+++ RECORDS
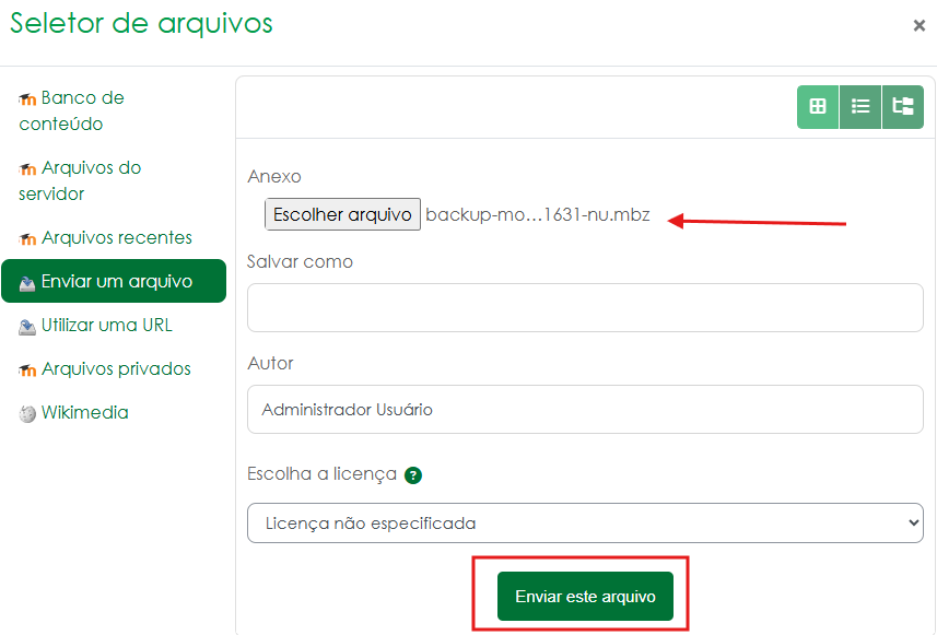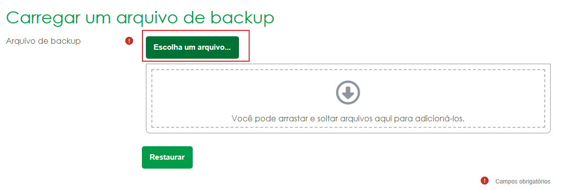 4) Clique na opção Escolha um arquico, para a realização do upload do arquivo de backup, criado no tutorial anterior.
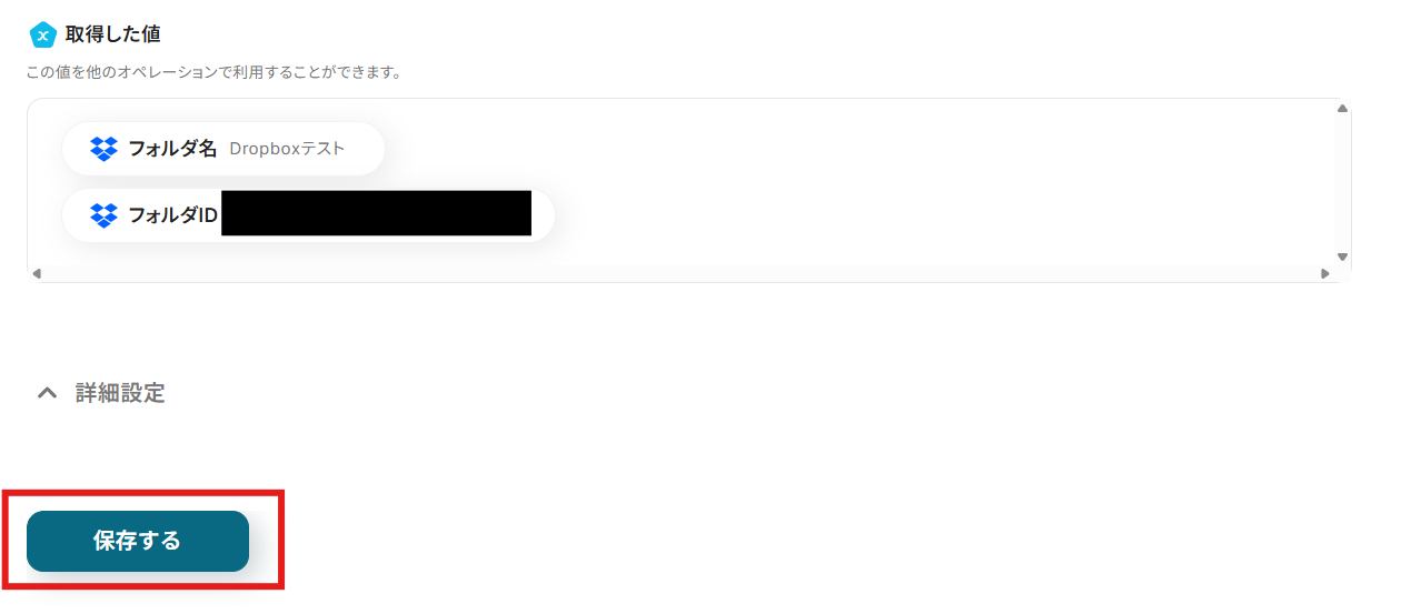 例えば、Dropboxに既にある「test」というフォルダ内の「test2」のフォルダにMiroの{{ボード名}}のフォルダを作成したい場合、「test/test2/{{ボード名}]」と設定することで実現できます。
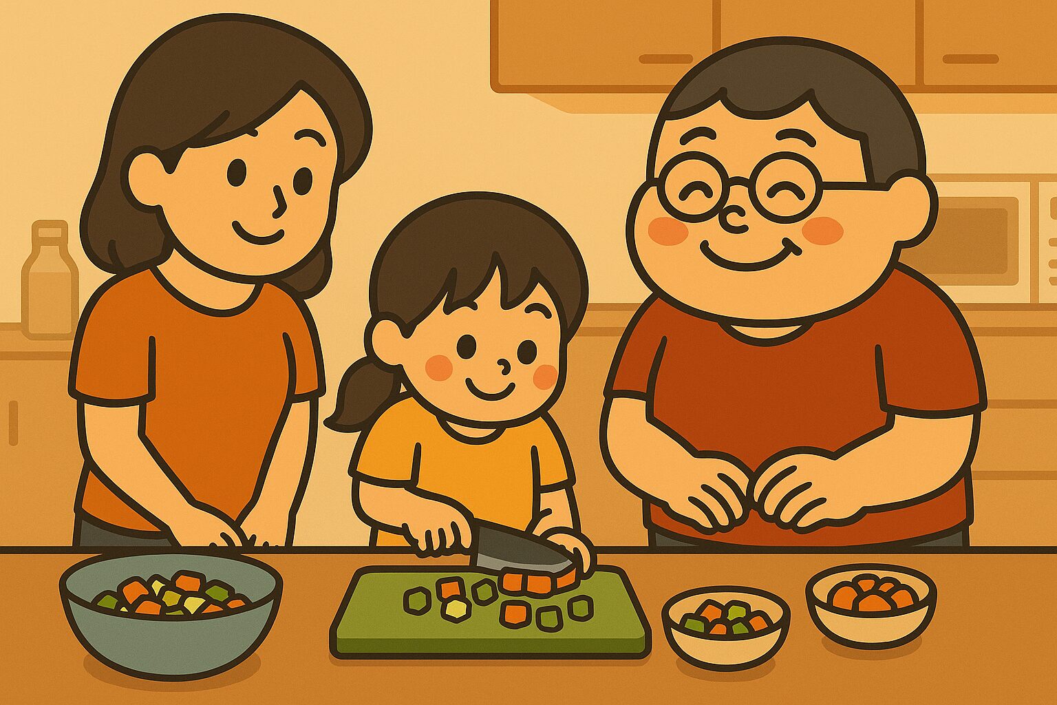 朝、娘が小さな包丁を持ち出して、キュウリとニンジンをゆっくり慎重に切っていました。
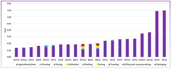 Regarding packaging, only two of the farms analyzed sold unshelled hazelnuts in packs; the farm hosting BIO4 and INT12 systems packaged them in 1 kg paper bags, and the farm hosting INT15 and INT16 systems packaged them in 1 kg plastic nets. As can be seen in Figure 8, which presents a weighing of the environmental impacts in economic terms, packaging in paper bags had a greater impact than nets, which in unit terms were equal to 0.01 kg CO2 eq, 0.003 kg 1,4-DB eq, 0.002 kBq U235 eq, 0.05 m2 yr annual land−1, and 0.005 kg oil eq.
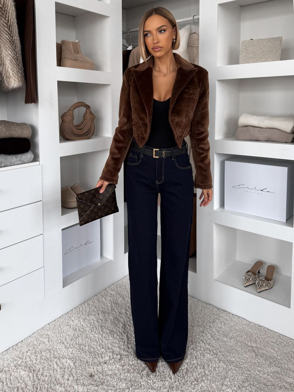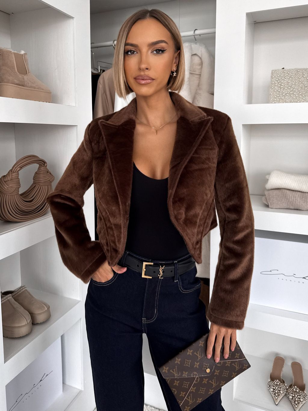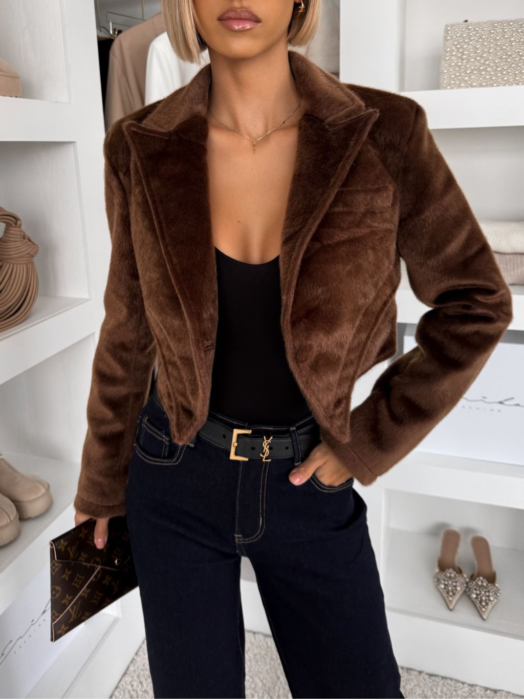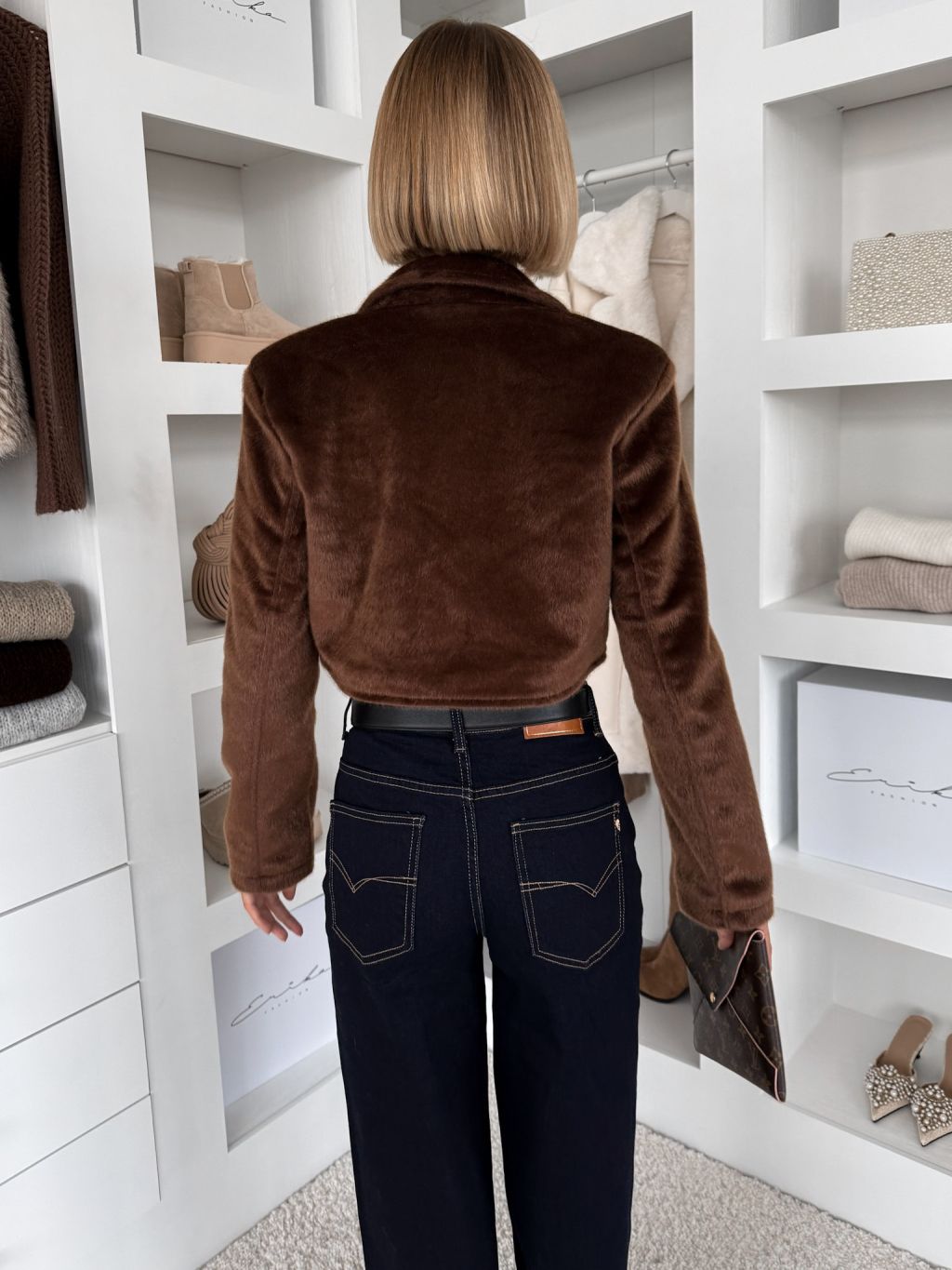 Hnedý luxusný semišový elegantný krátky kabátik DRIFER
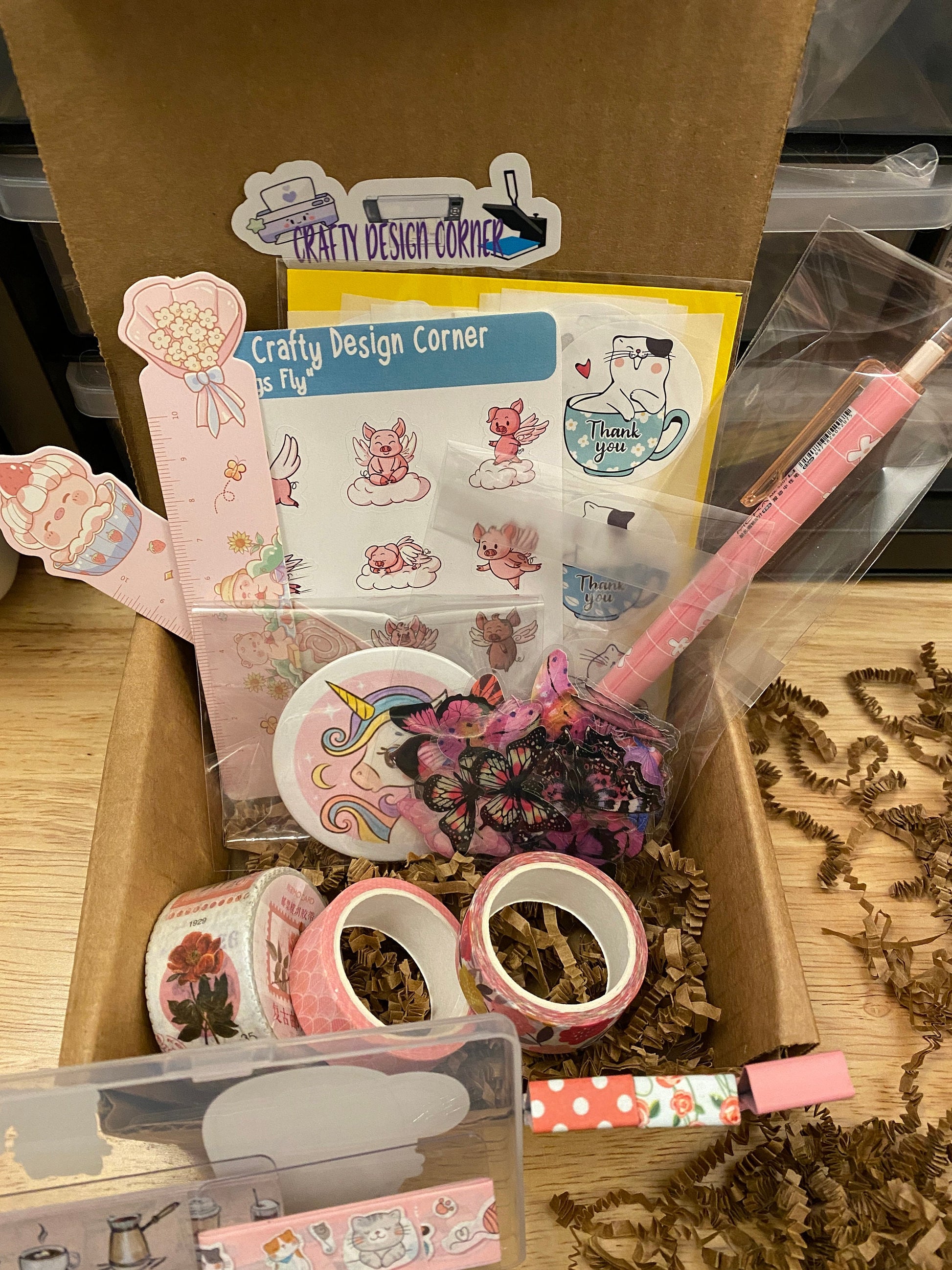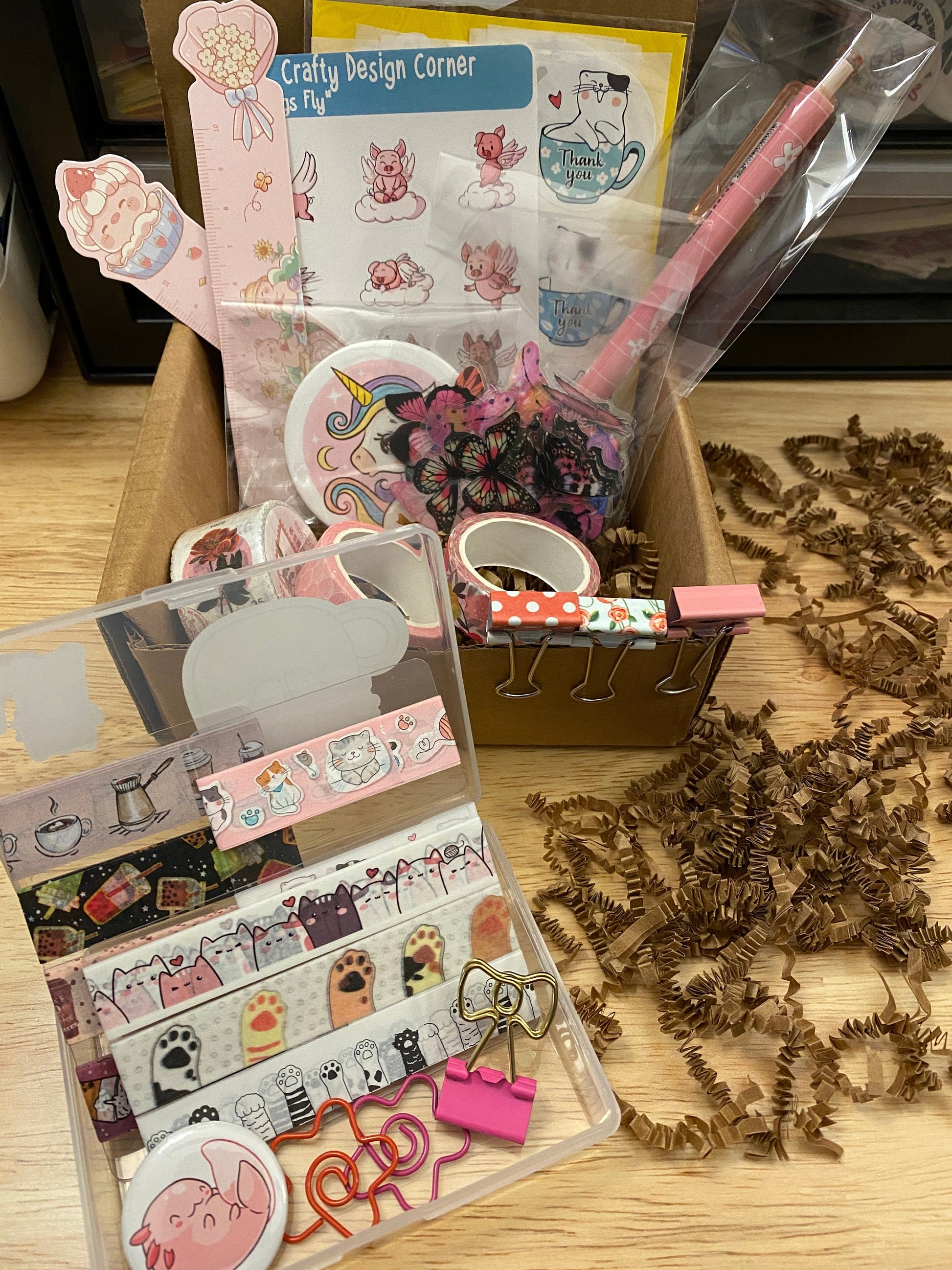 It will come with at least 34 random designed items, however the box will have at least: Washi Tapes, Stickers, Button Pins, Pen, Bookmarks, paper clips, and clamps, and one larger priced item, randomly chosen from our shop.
++++++
**EXERCISE PROMPT**
Please print the lines above exactly, beginning at the first line of the entries and ending at the line holding "朝、娘が小さな包丁を持ち出し", and leave the pictures out.

**RESULT OF THIS TASK**
 4) Clique na opção Escolha um arquico, para a realização do upload do arquivo de backup, criado no tutorial anterior.
 例えば、Dropboxに既にある「test」というフォルダ内の「test2」のフォルダにMiroの{{ボード名}}のフォルダを作成したい場合、「test/test2/{{ボード名}]」と設定することで実現できます。
 朝、娘が小さな包丁を持ち出して、キュウリとニンジンをゆっくり慎重に切っていました。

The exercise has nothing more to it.